Mind you, I am not arguing that the two must be in irreconcilable opposition. For that position you will need to look at other posters. However, every time you try to show where they join (as opposed to simply coinciding), I see no supportable evidence.

I think this is questionable in view of the Britannica article on Pythagoras and the Pythagoreans. The conclusion of the article’s author is that Pythagoras himself was probably not a scientific scholar but rather was simply a mystic and any scientific work was the result of later Pythagoreans.

The above quote would indicate that it was the Pythagorean school of later times, and not Pythagoras himself, that formulated the proof of the famous theorem. As I mentioned in a previous post, the fact about the right triangle relationship was know to the Babylonians and probably the Egyptians and Chinese as well and it is the Pythagoreans who are credited with the formal proof.

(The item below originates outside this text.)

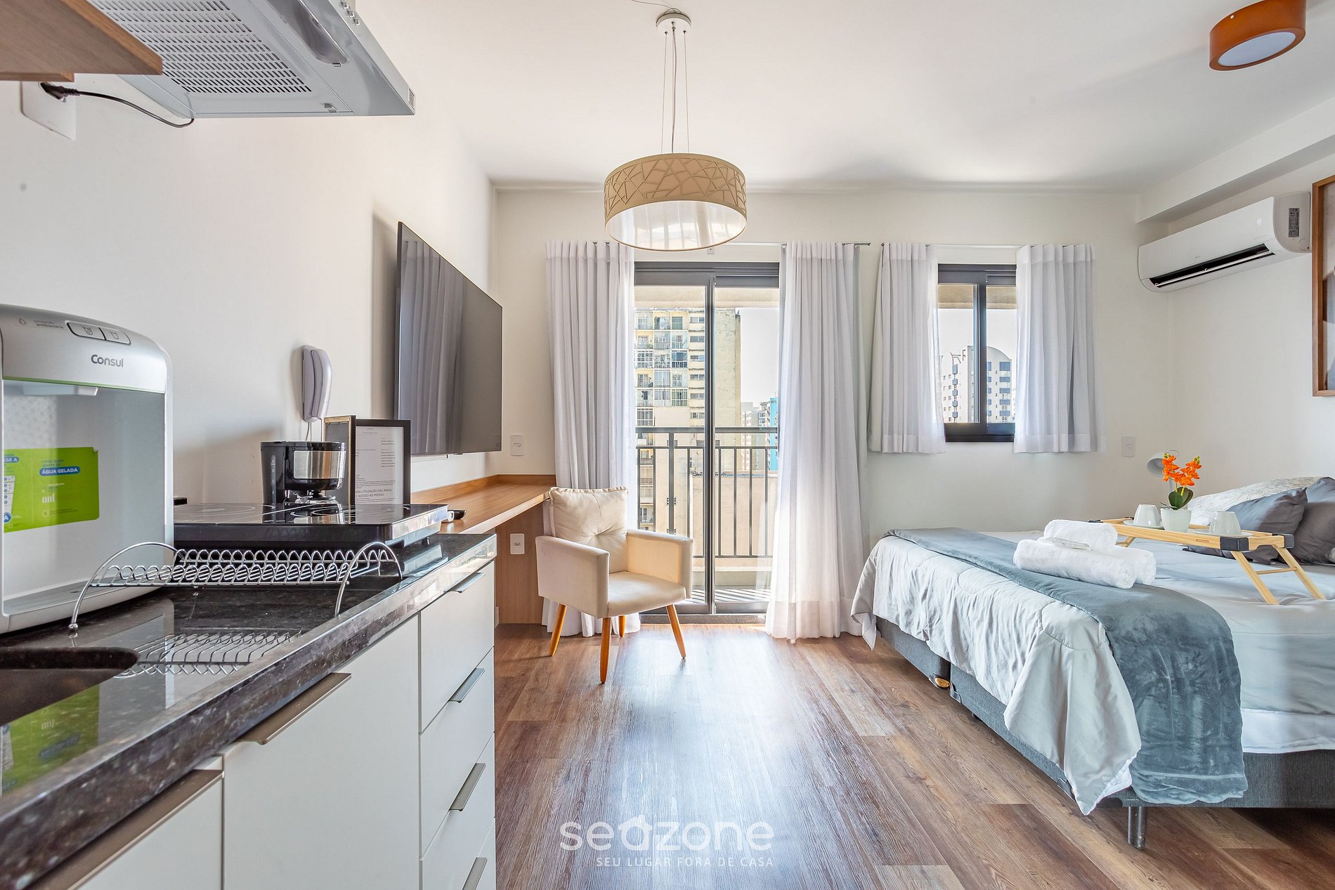 - Estúdio com cama queen, ar-condicionado, guarda-roupa, smart TV;

Pythagoras is both a good and a bad example to use as to the value of mysicism to a scientific project. Little is really known about the actual person, Pythagoras, and so everything said about him and his work is mostly speculation. On the other hand, so little is known that one is free to speculate without limit.

It seems that there is a lot of intuition involved in a scientific investigator’s deciding the possible reason, or reasons, for observed events. However the test of the validity of the intuition about the reason is always to formulate a hypothesis and test predictions made using it. I think it is not and never has been possible to nail down the facts about nature by merely making assumtions and then proceeding by merely thinking about those assumptions.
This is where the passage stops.